Another reason for optimism is that during each of the sessions of the Open Working Group, the Member States have engaged with world-class experts and with representatives of civil society and the private sector.

This new trend toward openness and participation was complemented by our “global conversation” which engaged almost two million people and experts from all Member States in identifying priorities for the post-2015 development agenda.

According to a recent review of “What Makes International Agreements Work,” conducted by the New York University and the Overseas Development Institute, “multilateral agreements that bring a range of actors into the process to support the accord, including domestic actors like government officials and civil society groups, are more likely to be agreed and implemented.”
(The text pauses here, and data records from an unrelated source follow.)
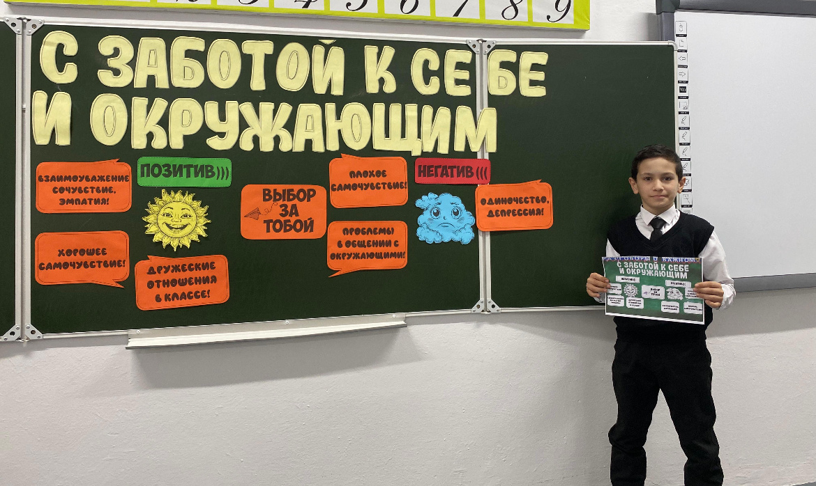25.11.2024Сегодня в нашей школе прошло занятие "Разговоры о важном", где мы обсудили тему "С заботой о себе и окружающих". В наше время, когда темп жизни ускоряется, а стрессы поджидают на каждом шагу, забота о себе становится необходимым условием для внутреннего равновесия. Ведь, осознавая свои границы и учась бережно относиться к своим эмоциям, мы можем лучше понимать чувства окружающих и строить взаимоотношения, основанные на взаимопомощи и уважении. Эмоциональное состояние каждого из нас в значительной степени влияет на наше самочувствие и здоровье. Негативные эмоции, при длительном воздействии, способны ухудшить наше здоровье, поэтому важно учиться регулировать свое эмоциональное состояние. Сегодня на занятии мы играли в игры и смотрели вдохновляющие видеоролики, которые помогли понять, как важно поддерживать друзей, делиться добротой и вниманием.
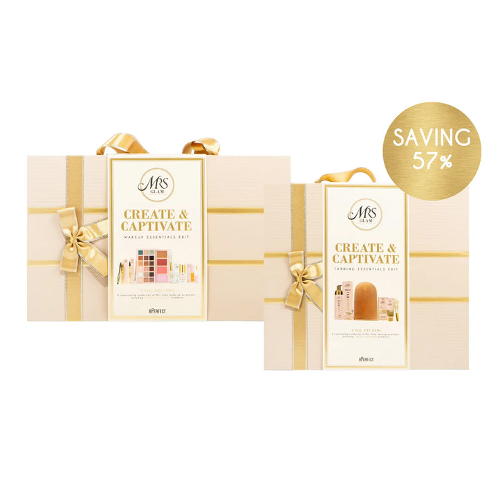 Step into the spotlight with the Create & Captivate Gift Set Duo – a luxurious pairing of the NEW Mrs Glam Gift Sets, designed to keep you flawless all festive season long.
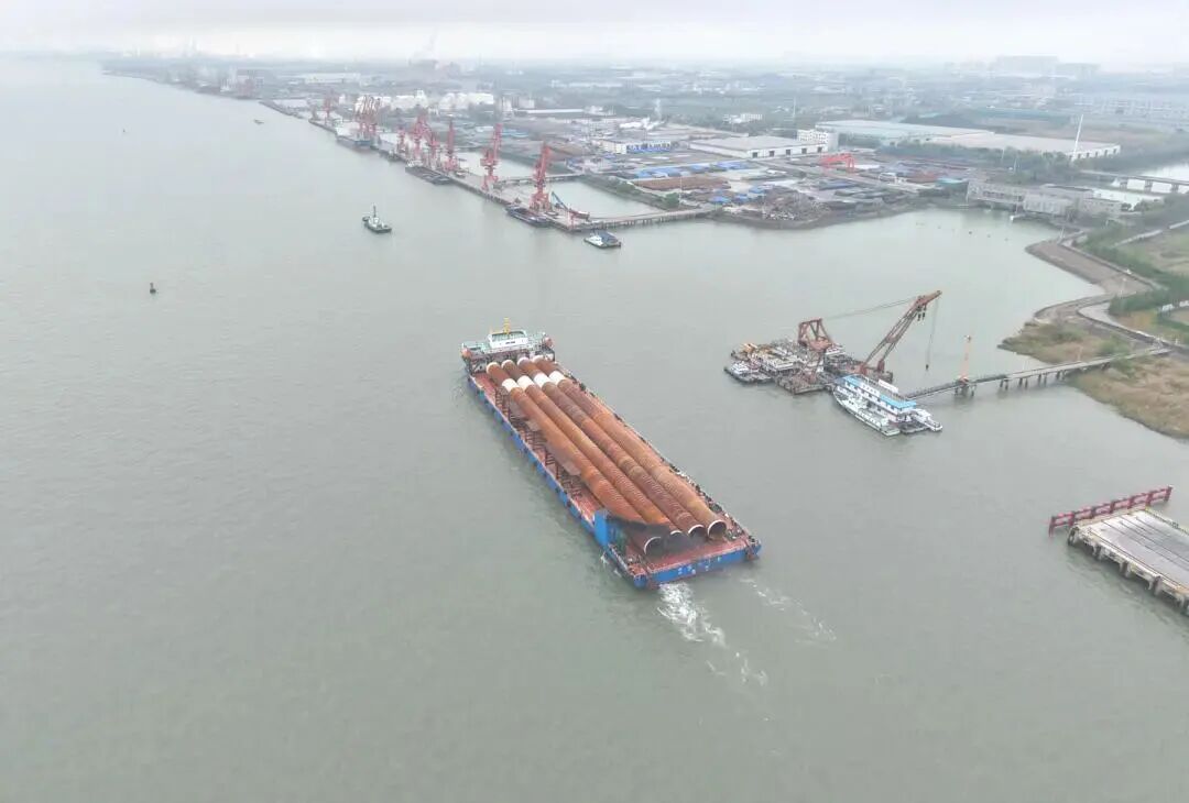 据南通振华重型装备制造有限公司消息,4月13日,由上海振华重工集团参建的广东阳江三山岛500千伏海上风电柔直输电工程海上换流站项目钢管桩顺利装船发运。本次发运的4根钢管桩单根重900吨,直径5米、长120米。

Therefore we will continue to run the “global conversation”, including the MY World survey, in 2014. We will continue to work with business so that private sector interests see themselves as participants in making the new agenda a reality. And the Open Working Group will continue to be open as it zooms in on goals and targets.

The third reason for optimism comes from the fact that we are not starting from scratch: we're building on the MDGs which guided development policy making, mobilization of resources, forging of partnerships and implementation of projects across the world for more than a decade. Think about the impact of the Global Fund to Fight HIV/AIDS, Malaria and Tuberculosis. Think of Every Woman, Every Child, and of Education for All. They were all supported and fueled by the MDGs. We are currently supporting over 50 countries undertaking focused actions to accelerate progress towards the MDGs that they are furthest away from meeting. They are removing bottlenecks and investing in targeted solutions. Once a new agenda is agreed, we know how to hit the ground running.

There are other best practices that help us design programmes and partnerships which can achieve results at global scale.

Take the Montreal Protocol under which we have managed to cut the production and consumption of more than 98 per cent of the harmful, ozone-depleting chemicals. Take the UN-REDD Programme and other forest initiatives that are building capacities in most forest-rich countries to significantly slow down deforestation, and to carefully monitor that it actually happens.

We can put these kinds of solutions to work for the sustainable development vision.

The road ahead will be bumpy. Discussions around how to include and measure governance, conflict prevention and peace building, and climate change in the goals and targets will be challenging. And so will the debate about financing the agenda. But there is a growing realization that not having this agenda will be the most expensive option of all—for Ministries of Finance and for societies as a whole.

None of the challenges need to constitute an insurmountable obstacle.

For example, we're going to work with a few countries to explore how some of these challenging areas can be captured in workable targets and indicators, to see how they would work in practice.

We're off to a good start. The next phase of discussions in the Open Working Group will be critical, from March through July. I may be slightly more optimistic than some others, and now you know why. I hope it spreads. That is how great things become possible.